Stock Markets Review

Indian stock market morning report by Keynote Capitals (October 22, 2008, Wednesday, 7.00 a.m. GMT)

Date: 22 October 2008
Economic and Corporate Developments

- The rupee weakened past 49.30 per USD to a record low of 49.34/50 this morning on expectations of further outflows from local stock market. It had closed at 49.04/06 yesterday.

- Crude oil prices are at $70.07 per barrel, down about 2%.

- The Government and the RBI are looking at further easing of ECB guidelines and FDI norms to enhance overseas fund inflows. On ECBs, the option of putting loans up to $500mn for rupee expenditure by Indian infrastructure companies under the automatic approval route is being considered.

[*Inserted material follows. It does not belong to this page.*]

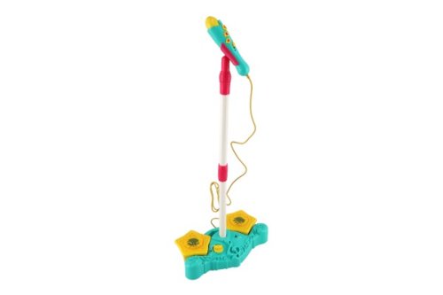 Skvělá zábava pro malé muzikanty. Tento úžasný plastový mikrofon umožní malým muzikantům uspořádat vlastní koncert. Možnost nastavení hlasitosti. Mikrofon se zvukem a světlem. Budete se cítít jako popová hvězda. Skvělý pódiový mikrofon s funkcemi. Možnost nastavení výšky mikrofonu podle výšky dítěte. Baterie 4 x AA nejsou součástí balení. Sestavení: 1.) sestavení tripodu (podstavce): zasuňte stabilizační tyčky do podstavce 2.) nasaďte stetoskopickou tyč (tyč, která drží mikrofon) na podstavec 3.) nastave výšku, kterou potřebujete 4.) připevněte mikrofon Nastavitelná výška mikrofonu je 78 - 110 cm. Kabel pro připojení MP3/mobilního telefonu není součástí balení. Rozměry balení 38 x 26 x 8 cm. Vhodné pro děti od 3 let.

- The steel ministry may provide protection to domestic steel companies by levying a 10% import duty on all grades of steel. It is also likely to suggest re-imposition of 14% countervailing duty (CVD) on bars and structurals (primarily Tor steel) and reduction in excise duty on Tor steel and galvanised products from the present 14% to 8%.

- According to media reports, Norway’s sovereign wealth fund, the world’s second largest, is likely to invest $2bn in Indian stocks upto January 2009. This comes in the wake of net sales by FIIs of about $11bn worth of equity in 2008 YTD.

- As per our sources in the banking industry, some banks have decided to stop fresh disbursements to the cement, steel and real estate sectors, anticipating a major slowdown, and fears of NPAs from these sectors by March 2009.

- In spite of the economic slowdown, India’s cellular telephony sector continues to grow. India added 10mn mobile phone subscribers in September, taking the total subscriber base to 310mn.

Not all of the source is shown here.